Sadie Sez October 11, 2011 at 5:56 pm

Trick-or-fucking-treat, people!
Sadie Sez recently posted..Monday, Effing Monday (or, Pay Attention to Your Intuition)

Noa October 12, 2011 at 12:34 am

This year, I’m handing out midol.

Leauxra October 10, 2011 at 8:03 am

They say: “Hey, can I talk to you for a minute?”

What it means to most people: “I am going to hijack your time because my project is more important than anything you do.”

What it means when it’s said to me, “Why do you have to be so horrible? Bob in accounting hasn’t stopped crying for three days? But I don’t want to get you mad because you might say something mean.”
Leauxra recently posted..Zumba Tried to Kill Me

Noa October 11, 2011 at 12:36 am

OH MAN that one is so awkward. You know you fucked up just from the, “hey,” at the beginning–the too-friendly-for-work-let-down greeting.

My skin is crawling with awkward now.

Myth October 10, 2011 at 8:09 am

I can’t believe anyone, ever, would try to claim Korn is the height of music. I can’t believe anyone would even like Korn, and it horrifies me to know that a lot of people my age do. Have you heard their LYRICS? “Gonna kill and rape you the way you raped me! Gonna pull the trigger and you’re down, down, down.” (Yes, those are real lyrics, verbatim, from “Thoughtless.” I listened to a live cover of it by another band. A lack of ugly screeching did not make me like the song any more than before.) Every single song they write is hateful and violent. It’s really not a matter of quality, just… what is WRONG with you, that you can like this shit?
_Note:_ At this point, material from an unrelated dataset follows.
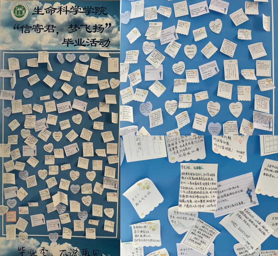 “试炼的终点是花开万里”“愿你们不彷徨不迷茫”“祝学长学姐们前程似锦,未来可期”……展牌上贴满了各式各样的便利贴。5月17日至22日,伟德国际1949始于英国举办“信寄君,梦飞扬”活动,陆续有四百余名学院学生为学院毕业生送上自己的暖心祝福。
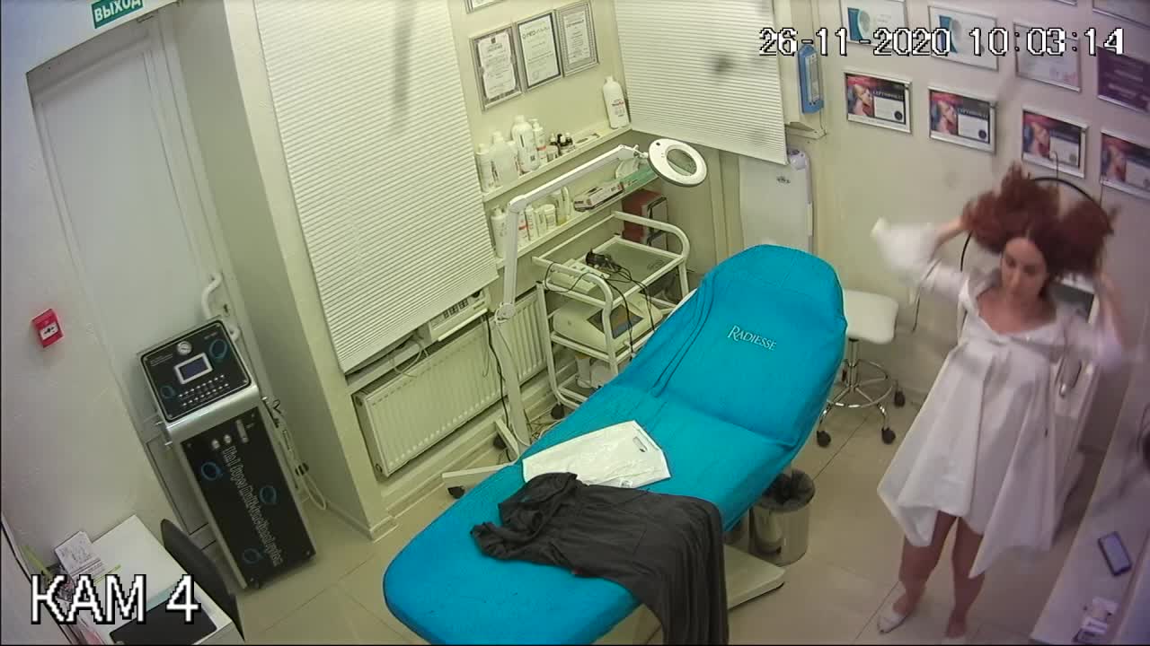 Возбуждающе переодевается косметолог на своём рабочем месте!

As for what I hear when ridiculous stuff comes out of people’s mouths… here are a few gems from random high school girls I have had the misfortune of sharing classes with.

What She Actually Said: “God, I’m so fucking tired. I had this date with Matt Smith last night and it got a little naughty, if you know what I mean… by which I mean I hit that shit so hard that I’m exhausted. But damn, it was so worth it.”
What I Hear: “I am actually a virgin, and I make up wild stories about my sexual escapades in order to look cool to my friends. Everyone else just thinks I sound like a whore.”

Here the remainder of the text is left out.